From what I’ve seen, the best registration experience stems from a strong relationship between organiser and supplier where the registration process is valued and appreciated. Conversely, a relationship whereby registration is seen as an easy place to point the finger of blame for visitor numbers being low – or as an easy-to-manage commodity where price deserves to be screwed down – will always result in a less-than-ideal outcome.
Scrutinise your registration supplier’s data capabilities
As suppliers to the events industry, we shouldn’t under-estimate the powerful attraction of big data in its simplest form. As human beings, we just can’t help ourselves; we seem fascinated by that big spreadsheet of data. No matter how many whistles and bells we work into the data offering, it is remarkable how many times organisers or exhibitors simply want a big data draw-down in nothing more sophisticated than an Excel spreadsheet or .csv file. The least we can do therefore is to ensure that this data is clean.
So, the advice to organisers is to look beyond those whistles and bells and look at the fundamentals of good data husbandry. Top suppliers should have tight systems which leave little room for data to be entered incorrectly at the front of the registration system. As part of their standard service, those same suppliers should be tidying up the errors that do creep in. Just half a day’s work could see 5000 show records tidied up and de-duplicated. That shouldn’t be an add-on; it should be part of the core offering.

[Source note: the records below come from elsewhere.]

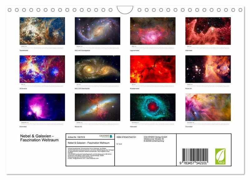 Erleben Sie die unendliche Schönheit des Weltraums mit unserem neuen Kalender Nebel & Galaxien - Faszination Weltraum! Lassen Sie sich von atemberaubenden Aufnahmen von Sternenhaufen, Spiralgalaxien und farbenprächtigen Nebeln verzaubern. Jeder Monat bietet ein neues Highlight aus dem Universum, das Sie begeistern wird. Der Kalender eignet sich perfekt als Geschenk für Weltraum-Fans oder als dekoratives Element für Ihr Zuhause oder Büro. Bestellen Sie jetzt und entdecken Sie die unendlichen Weiten des Weltraums!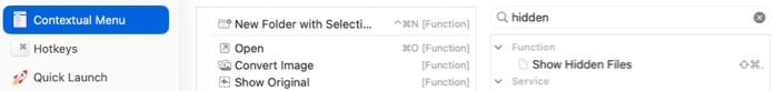 Context Menu Enable the Show Hidden Files in the context menu to display hidden files.
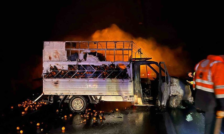 Osmaniye'nin Bahçe ilçesinde, gece saatlerinde mandalina yüklü bir kamyonetin motor bölümünde yangın çıktı.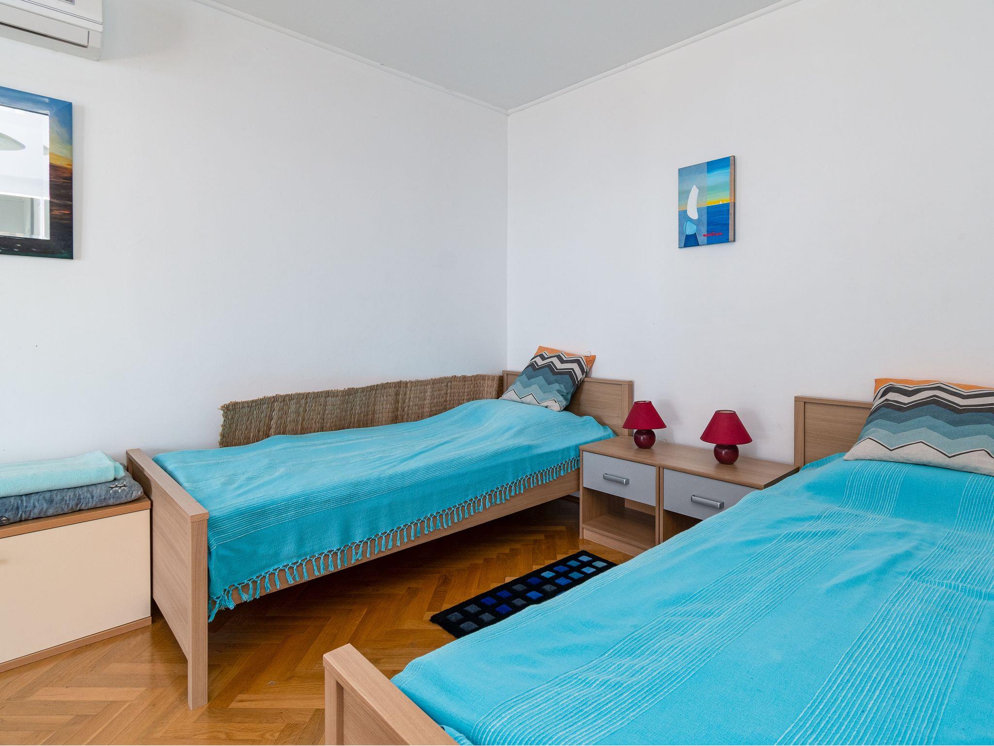 Ferienwohnung bietet Platz für 4 Gäste. Die Betten sind in Schlafzimmern, die es 1 gibt, und in Wohnzimmer, innerhalb einer Gesamtfläche von 38m2, angeordnet. Die Gäste haben eine eigene Terrasse zur Verfügung, auf der sie in warmen Sommernächten genießen können. Das Apartment bietet Meerblick. IM PREIS INBEGRIFFEN: Kurtaxe, Endreinigung, Klimatisierung, Parkplatz, Internet, Bügeleisen, Bügelbrett. VERBINDLICHE ZUSÄTZLICHE KOSTEN: Aufzahlung für Kurzaufenthalte (prozentualer Zuschlag pro Nächtigungsanzahl: 30% - 1, 20% - 2, 10% - 3). Die Verfügbarkeit zusätzlicher Dienstleistungen in Ihrem reservierten Termin und die Preise derselben (falls nicht aufgeführt) müssen im Voraus überprüft werden. Zusätzliche Dienstleistungen die in der Zahlungsaufforderung nicht aufgeführt sind werden direkt beim Vermieter bezahlt, angenommen der Gast nutzt auch diese.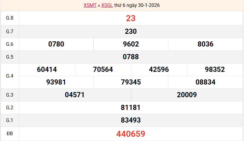 Mời các bạn xem lại bảng kết quả kỳ trước với giải đặc biệt, giải tám, lô tô 2 số để có thể đưa ra nhận định dự đoán GL ngày 06/02/2026 chuẩn xác nhất.

Swamp the audience with email at your peril
It sounds obvious but we should never take any chances with anything which may frustrate event visitors – or even possibly dissuade them from attending. I do fear that, on occasion, some events can do exactly that with the amount of emails they bombard potential visitors with.
Determining the optimum number of emails to send – and the frequency with which they are sent – is a tricky, and probably time-consuming, undertaking. The ‘right’ answer will vary from show to show yet figuring it out will be time well spent. That’s because glibly firing off more emails to an audience without really thinking through the full ramifications of yet another unsolicited message dropping into their inboxes is a dangerous tactic.
As technology allows for deeper and easier segmentation of data, now is the time to adopt a more personalised visitor journey.